When it came to creating our own original song with the model, almost everything about my production process remained the same. While GrimesAI ultimately delivers the vocals in the final recording, Cherie and I still had to write and record the melodies, lyrics, and instrumentation ourselves. We even had the track mastered by the tremendous, multiple Grammy-nominated engineer Ryan Schwabe.

The main difference is that “Grimes” is now the main vocalist on our song — and we never had to speak with her. She never even had to record anything!

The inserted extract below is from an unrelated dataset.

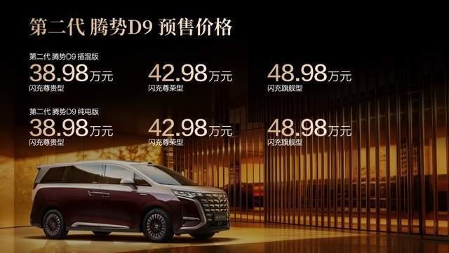 比亚迪重磅新车!第二代腾势D9开启预售,38.98万起,又要火了 3月29日,第二代腾势D9正式开启预售,作为科技豪华旗舰MPV,这款车迎来了全方位升级,预售价格区间在38.98万-48.98万,诚意十足。 现在下订还能享受超值福利,原本1年的免费闪充,再额外赠送6个月,总共能享18个月免费闪充,日常用车更省心省钱。 新款腾势D9保留了经典的优雅设计,全新前脸造型大气,金属羽翼质感十足,不管是商务接待还是家用,都很有格调。车内用料更为高端,全车用上NAPPA真皮座椅,做工精致、触感细腻。中排升级为零压云绒座椅,柔软度和包裹性拉满,再加按摩、电动调节功能,坐上去就像头等舱一样舒服。副驾还配有开合智能屏,能听歌看视频,翻下来还能当小桌板收纳小件物品,细节很贴心。 核心技术方面,新车搭载比亚迪第二代刀片电池,性能大幅提升。插混版本纯电续航能到401km,日常代步、短途出差全程用电不用烧油,纯电版本续航更是高达800km,长途出行完全不用慌。而且闪充速度超快,5分钟充好、9分钟充饱,就算零下30℃低温,充电也只慢3分钟,喝杯咖啡的功夫就能补能完毕。 智能配置也没落下,新车全系标配天神之眼5.0辅助驾驶系统,依托海量数据不断优化,开车、停车都比老司机更稳更精准,出行安全感拉满。 这款车从整体的外观、内饰,到动力、智能,全维度进化,商务够排场,家用够温馨,远行无顾虑。目前只是开启预售,更多惊喜配置和细节,会在上市发布会正式公布,值得期待。【来自懂车帝车友圈】

Ultimately, the process we landed on was Cherie recording herself in NY and sending me the files to convert into Grimes’ AI voice. Elf Tech’s integration into a production workflow is still a bit clunky — since processing only works in short clips, I had to divide the original verse recordings into two-line chunks in my DAW, export and process each of those chunks on the Elf Tech site, and then re-import them back into the session. In terms of where in the process Elf Tech sits, I would liken it to using vocaloid software or any kind of vocal effect, such as pitch or formant shift.

At first, I actually recorded the vocals myself as the source material for the model. The problem was there was just a bit too much of “me” in there; it sounded like a tiny Jewish man singing as Grimes.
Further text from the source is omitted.